===== DATA LISTING =====

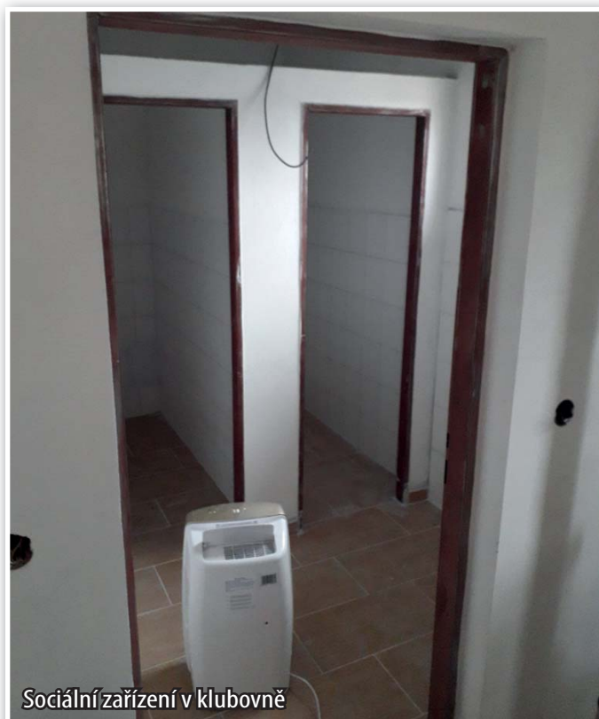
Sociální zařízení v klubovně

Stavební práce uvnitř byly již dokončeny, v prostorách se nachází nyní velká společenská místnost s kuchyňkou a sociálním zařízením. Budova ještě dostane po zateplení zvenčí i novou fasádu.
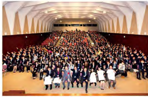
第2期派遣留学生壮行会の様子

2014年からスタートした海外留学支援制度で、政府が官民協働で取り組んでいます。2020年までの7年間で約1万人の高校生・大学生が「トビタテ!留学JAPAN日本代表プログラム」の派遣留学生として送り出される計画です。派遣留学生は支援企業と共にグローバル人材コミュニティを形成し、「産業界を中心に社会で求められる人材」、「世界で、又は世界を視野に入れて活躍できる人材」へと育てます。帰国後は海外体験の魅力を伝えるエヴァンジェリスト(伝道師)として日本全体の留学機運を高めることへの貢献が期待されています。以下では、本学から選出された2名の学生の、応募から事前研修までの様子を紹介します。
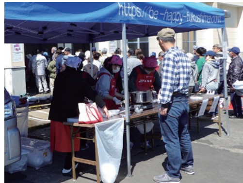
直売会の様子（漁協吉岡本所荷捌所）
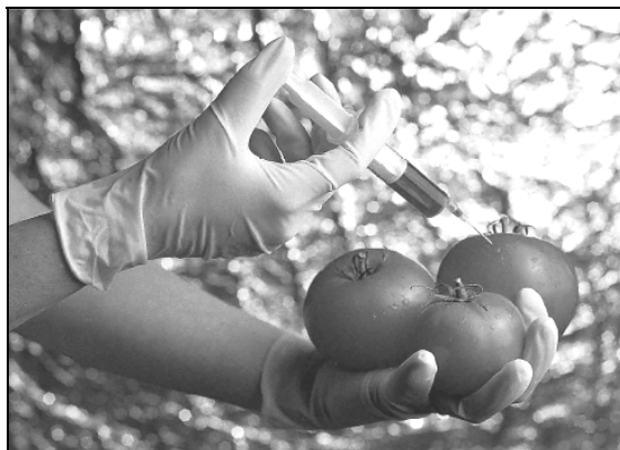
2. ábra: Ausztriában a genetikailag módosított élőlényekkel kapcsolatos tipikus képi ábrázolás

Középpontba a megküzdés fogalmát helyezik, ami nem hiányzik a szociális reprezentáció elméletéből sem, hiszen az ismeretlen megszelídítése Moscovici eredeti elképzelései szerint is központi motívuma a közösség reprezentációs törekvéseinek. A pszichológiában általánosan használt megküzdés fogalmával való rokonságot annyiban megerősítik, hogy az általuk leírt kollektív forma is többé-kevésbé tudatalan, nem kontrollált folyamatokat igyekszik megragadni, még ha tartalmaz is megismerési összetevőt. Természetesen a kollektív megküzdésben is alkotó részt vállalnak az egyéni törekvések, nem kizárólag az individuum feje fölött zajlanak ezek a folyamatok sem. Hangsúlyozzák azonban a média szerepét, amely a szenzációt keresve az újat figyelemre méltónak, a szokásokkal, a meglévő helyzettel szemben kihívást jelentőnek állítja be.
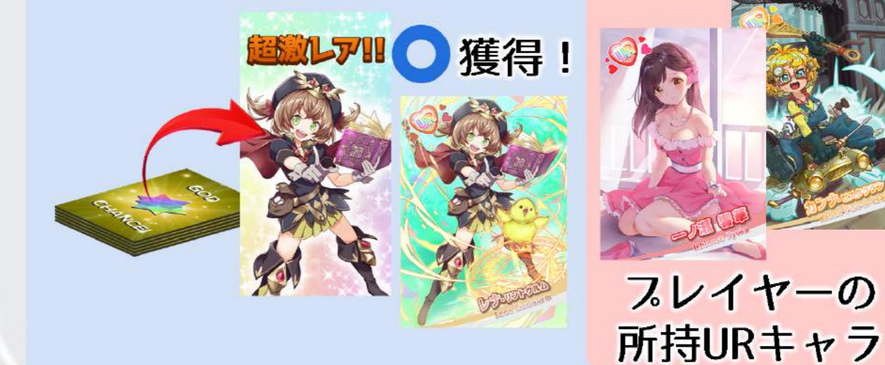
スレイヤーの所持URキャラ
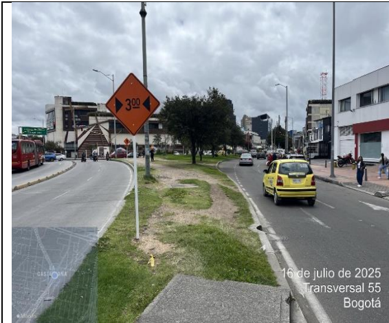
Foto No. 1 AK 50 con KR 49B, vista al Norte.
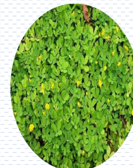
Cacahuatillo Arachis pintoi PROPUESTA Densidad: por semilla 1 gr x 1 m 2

=====
===== DATA LISTING =====

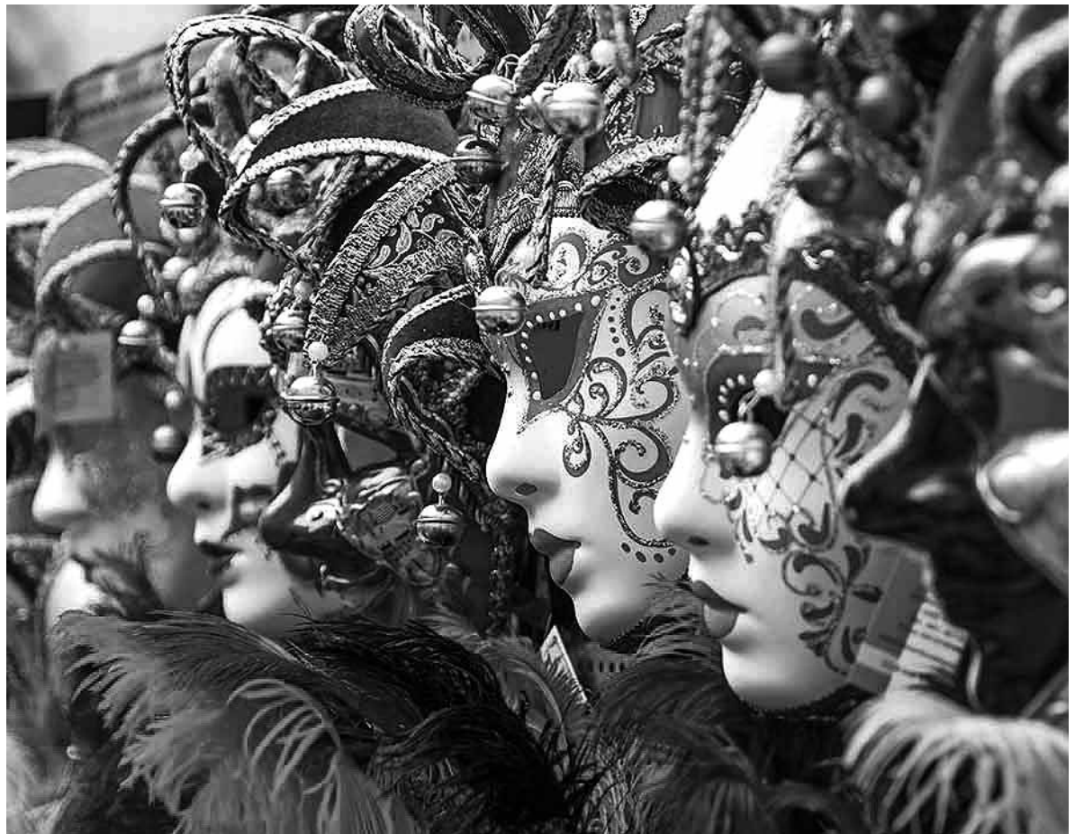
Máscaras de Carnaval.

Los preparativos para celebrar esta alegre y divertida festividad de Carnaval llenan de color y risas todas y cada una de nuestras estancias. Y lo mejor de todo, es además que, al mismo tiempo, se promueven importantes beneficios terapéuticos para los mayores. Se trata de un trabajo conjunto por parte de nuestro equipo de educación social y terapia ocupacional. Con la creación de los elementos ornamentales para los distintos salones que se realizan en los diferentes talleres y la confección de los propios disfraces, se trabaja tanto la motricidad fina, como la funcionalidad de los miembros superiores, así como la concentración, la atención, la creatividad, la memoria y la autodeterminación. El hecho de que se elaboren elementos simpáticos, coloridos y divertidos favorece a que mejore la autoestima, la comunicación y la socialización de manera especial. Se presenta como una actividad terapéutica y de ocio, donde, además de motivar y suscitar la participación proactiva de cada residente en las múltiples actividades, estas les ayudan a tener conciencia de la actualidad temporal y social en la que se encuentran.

=====
===== DATA LISTING =====

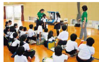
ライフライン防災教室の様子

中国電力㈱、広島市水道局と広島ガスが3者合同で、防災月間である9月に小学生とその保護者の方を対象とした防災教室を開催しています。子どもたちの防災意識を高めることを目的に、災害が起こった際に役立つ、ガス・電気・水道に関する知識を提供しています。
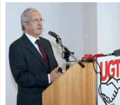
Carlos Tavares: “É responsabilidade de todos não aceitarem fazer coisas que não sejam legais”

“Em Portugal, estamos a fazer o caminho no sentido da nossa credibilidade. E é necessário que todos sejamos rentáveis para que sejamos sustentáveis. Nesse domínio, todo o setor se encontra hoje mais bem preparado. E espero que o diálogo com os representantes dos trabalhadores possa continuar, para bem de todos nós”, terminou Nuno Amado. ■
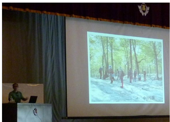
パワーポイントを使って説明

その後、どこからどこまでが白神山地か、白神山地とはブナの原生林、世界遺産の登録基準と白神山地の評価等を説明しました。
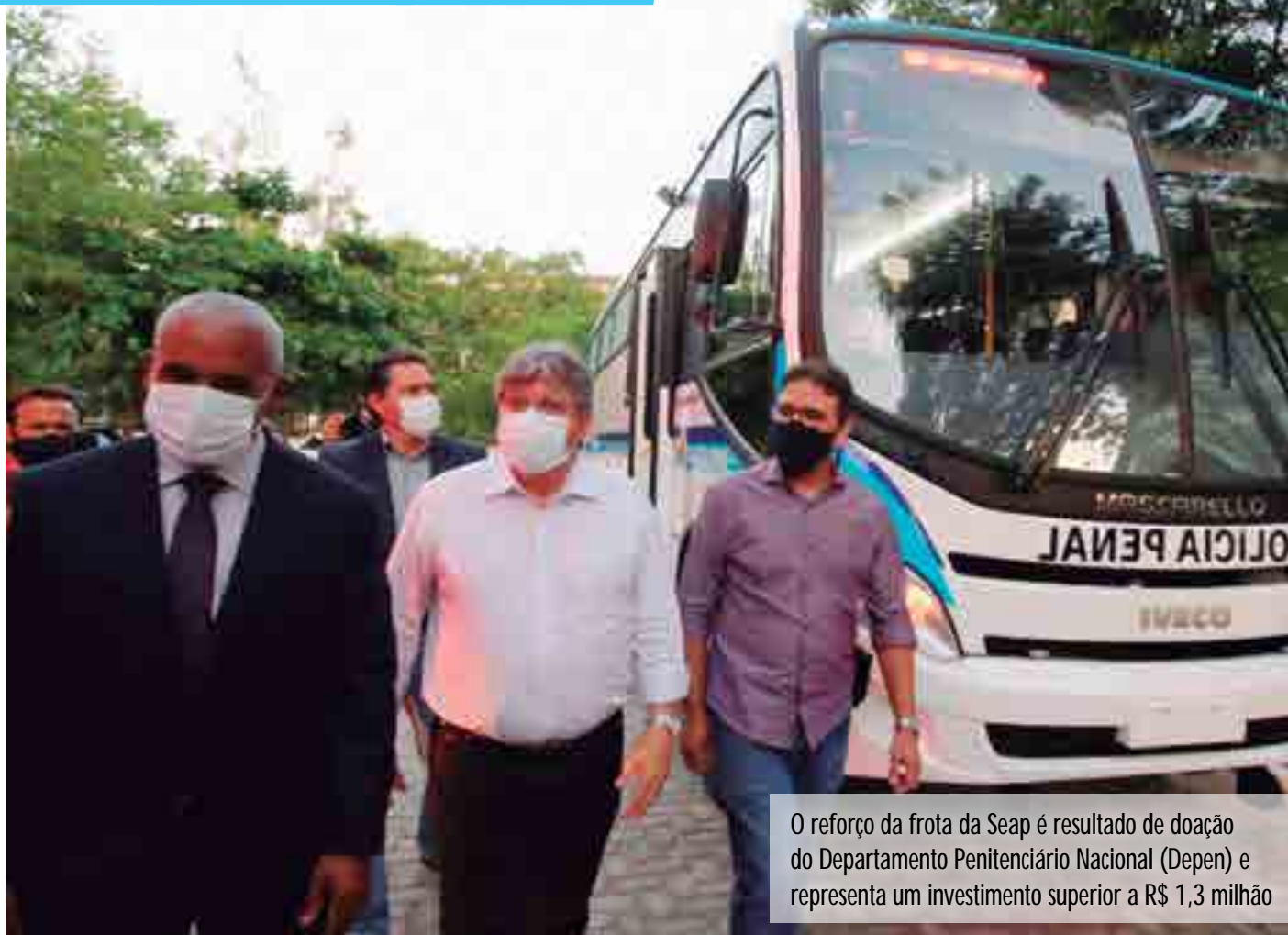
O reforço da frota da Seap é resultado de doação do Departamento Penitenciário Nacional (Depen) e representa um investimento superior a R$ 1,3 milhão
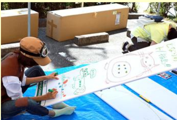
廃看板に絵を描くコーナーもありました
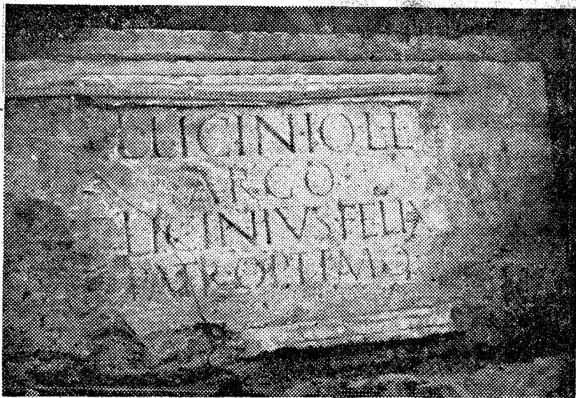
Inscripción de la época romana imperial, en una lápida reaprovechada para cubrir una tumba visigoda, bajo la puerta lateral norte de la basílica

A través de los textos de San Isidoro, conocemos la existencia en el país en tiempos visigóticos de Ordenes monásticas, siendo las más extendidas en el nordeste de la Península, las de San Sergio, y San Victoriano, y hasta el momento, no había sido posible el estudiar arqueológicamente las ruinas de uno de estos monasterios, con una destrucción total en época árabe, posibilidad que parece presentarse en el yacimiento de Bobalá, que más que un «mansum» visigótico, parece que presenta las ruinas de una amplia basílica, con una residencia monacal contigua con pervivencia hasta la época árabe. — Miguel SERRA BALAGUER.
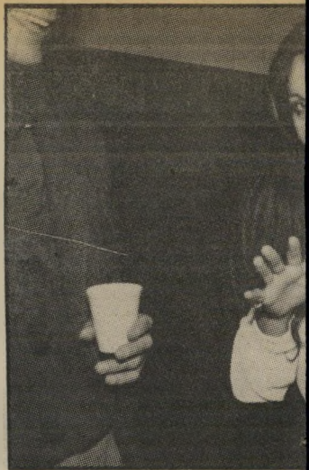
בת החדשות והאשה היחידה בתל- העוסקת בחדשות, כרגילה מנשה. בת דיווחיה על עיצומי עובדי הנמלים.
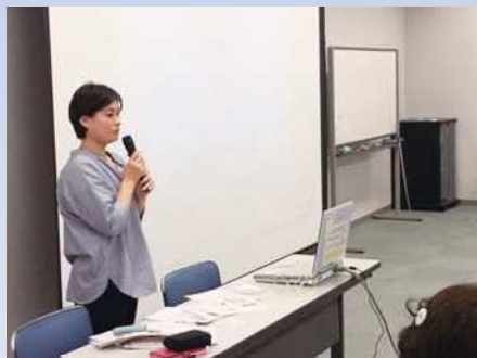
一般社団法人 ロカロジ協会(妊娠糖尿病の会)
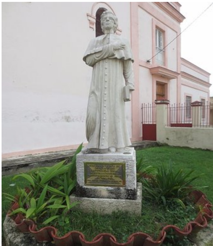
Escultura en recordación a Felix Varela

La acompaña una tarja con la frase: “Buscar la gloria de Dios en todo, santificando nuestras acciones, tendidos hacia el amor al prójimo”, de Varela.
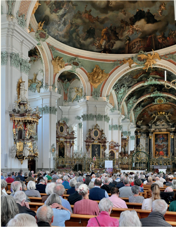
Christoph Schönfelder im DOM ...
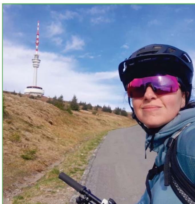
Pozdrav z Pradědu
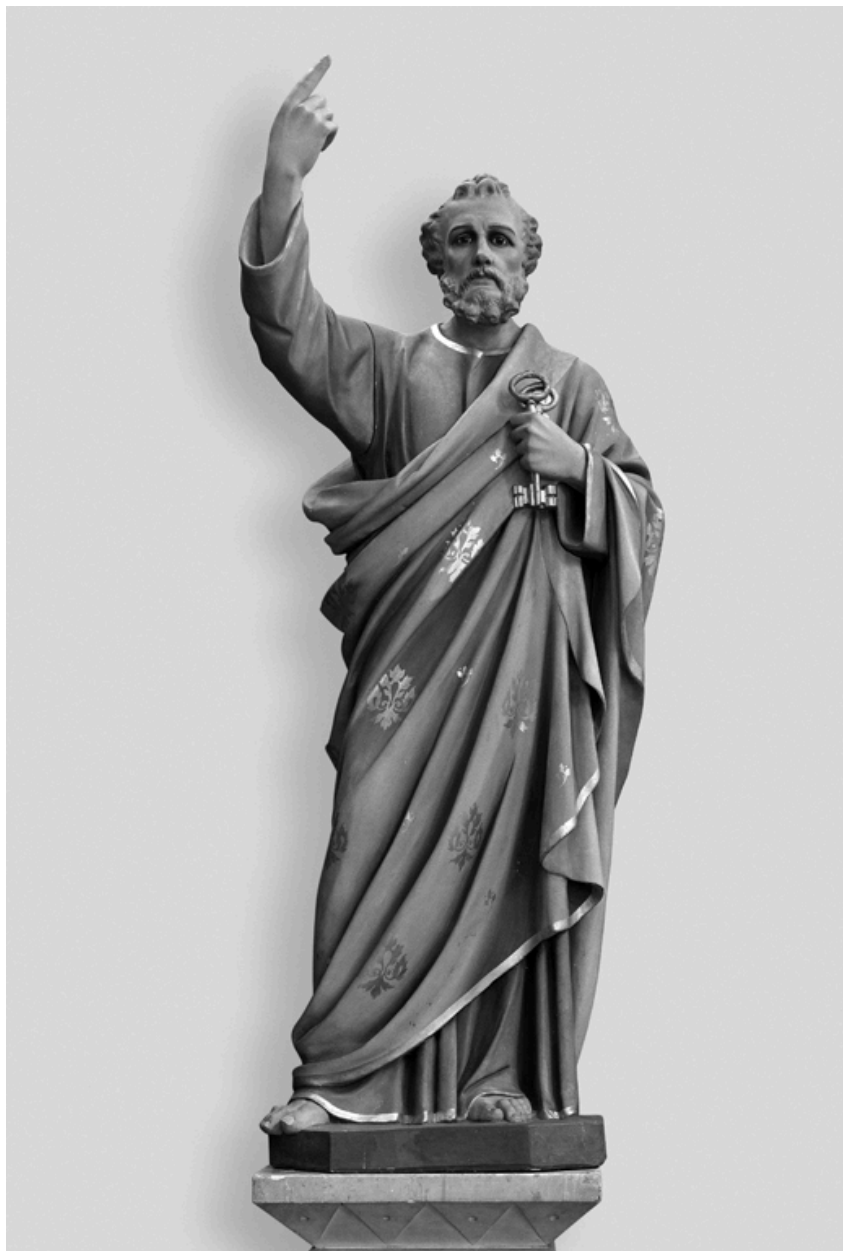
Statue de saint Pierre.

=====

### HOW TO COMPLETE THIS TASK
When you reach the line that has "Sociální zařízení v klubovně" in the data above, start repeating lines exactly, and stop after the line that has "2. ábra: Ausztriában"; pictures stay out.

### SOLUTION TO THIS EXERCISE
Sociální zařízení v klubovně

Stavební práce uvnitř byly již dokončeny, v prostorách se nachází nyní velká společenská místnost s kuchyňkou a sociálním zařízením. Budova ještě dostane po zateplení zvenčí i novou fasádu.
第2期派遣留学生壮行会の様子

2014年からスタートした海外留学支援制度で、政府が官民協働で取り組んでいます。2020年までの7年間で約1万人の高校生・大学生が「トビタテ!留学JAPAN日本代表プログラム」の派遣留学生として送り出される計画です。派遣留学生は支援企業と共にグローバル人材コミュニティを形成し、「産業界を中心に社会で求められる人材」、「世界で、又は世界を視野に入れて活躍できる人材」へと育てます。帰国後は海外体験の魅力を伝えるエヴァンジェリスト(伝道師)として日本全体の留学機運を高めることへの貢献が期待されています。以下では、本学から選出された2名の学生の、応募から事前研修までの様子を紹介します。
直売会の様子（漁協吉岡本所荷捌所）
2. ábra: Ausztriában a genetikailag módosított élőlényekkel kapcsolatos tipikus képi ábrázolás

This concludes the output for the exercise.